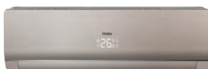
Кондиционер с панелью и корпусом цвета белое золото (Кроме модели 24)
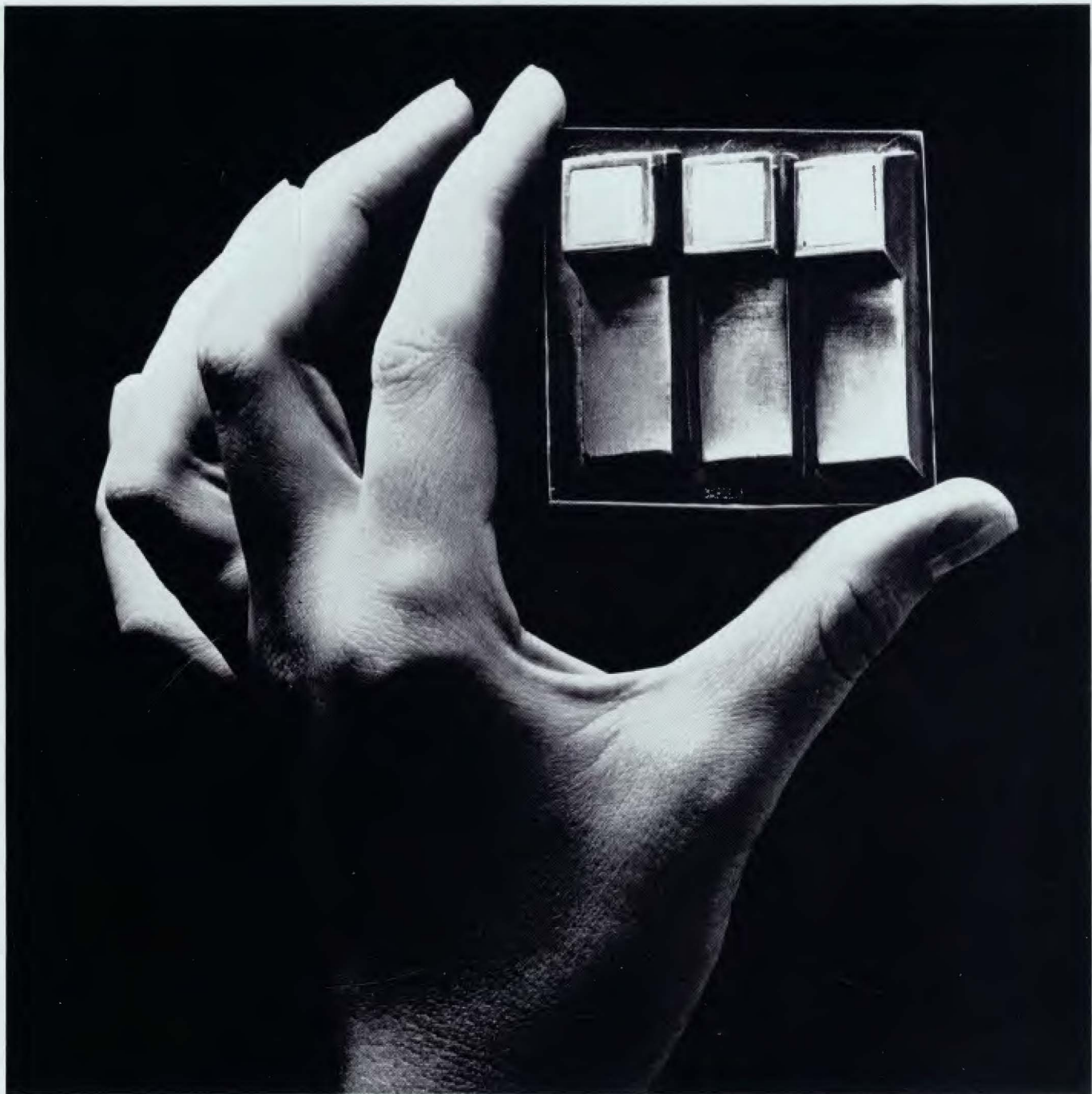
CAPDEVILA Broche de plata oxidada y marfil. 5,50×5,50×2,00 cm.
---
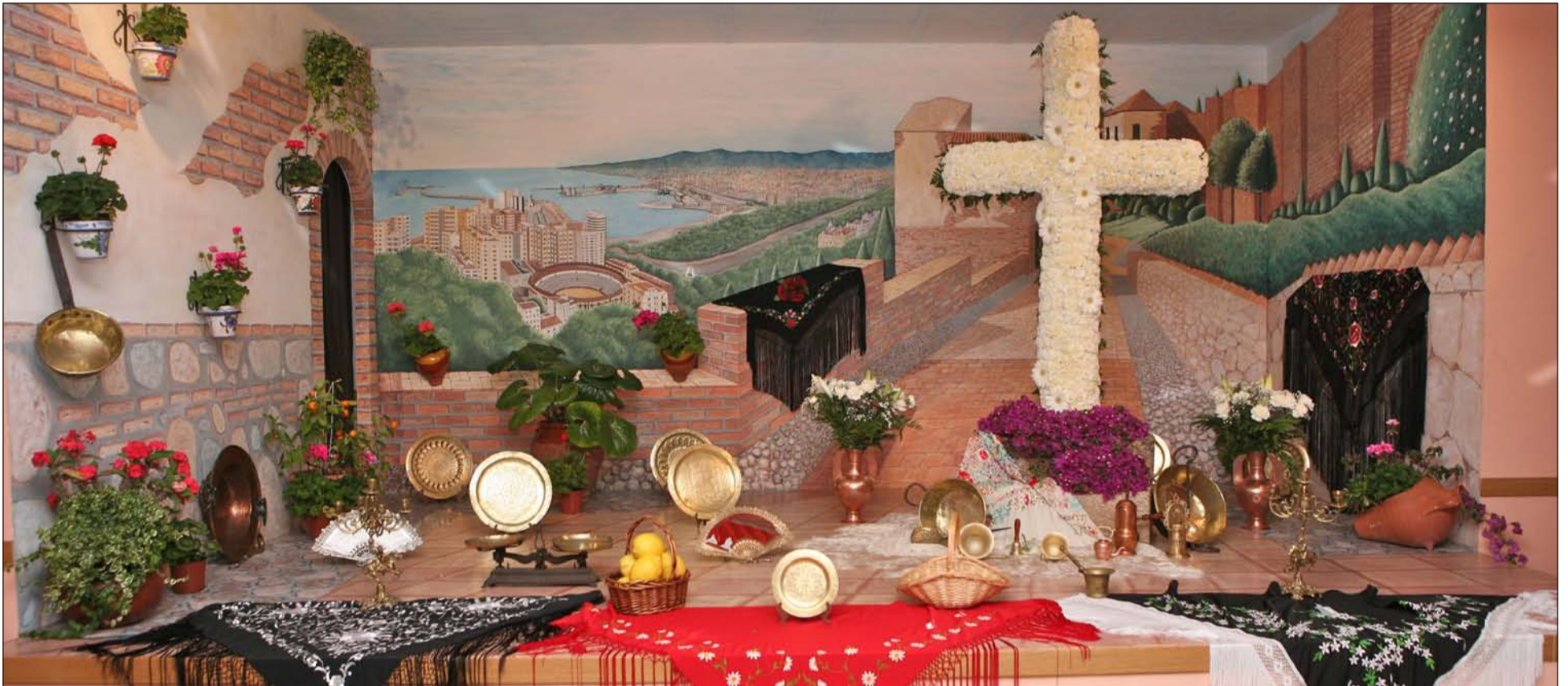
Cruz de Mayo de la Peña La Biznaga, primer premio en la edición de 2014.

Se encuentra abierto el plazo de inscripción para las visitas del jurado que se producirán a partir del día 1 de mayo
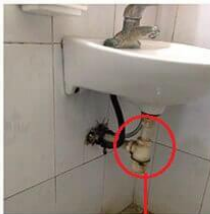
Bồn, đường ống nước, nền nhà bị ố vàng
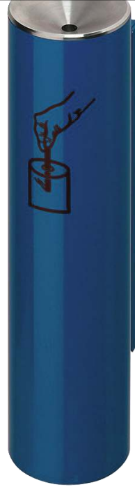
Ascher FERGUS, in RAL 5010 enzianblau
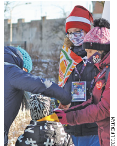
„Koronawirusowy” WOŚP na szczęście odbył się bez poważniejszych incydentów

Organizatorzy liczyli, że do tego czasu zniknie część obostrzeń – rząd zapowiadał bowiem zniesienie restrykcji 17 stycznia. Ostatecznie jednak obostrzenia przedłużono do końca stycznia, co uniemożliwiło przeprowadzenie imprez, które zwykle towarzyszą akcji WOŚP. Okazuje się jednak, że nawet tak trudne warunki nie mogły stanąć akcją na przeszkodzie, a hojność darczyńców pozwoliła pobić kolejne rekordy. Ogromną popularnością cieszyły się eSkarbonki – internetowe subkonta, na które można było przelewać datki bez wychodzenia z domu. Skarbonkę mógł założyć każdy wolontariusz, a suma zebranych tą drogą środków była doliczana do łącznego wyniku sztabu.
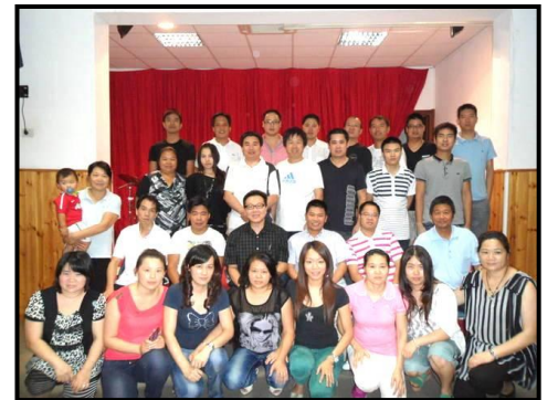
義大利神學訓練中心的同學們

▸ **Task details**:
Write out word for word the lines of the listing above from the line with "Se encuentra abierto" to the line with "bez poważniejszych incydentów", taking in both of those lines but no pictures.

▸ **Your response**:
Se encuentra abierto el plazo de inscripción para las visitas del jurado que se producirán a partir del día 1 de mayo
Bồn, đường ống nước, nền nhà bị ố vàng
Ascher FERGUS, in RAL 5010 enzianblau
„Koronawirusowy” WOŚP na szczęście odbył się bez poważniejszych incydentów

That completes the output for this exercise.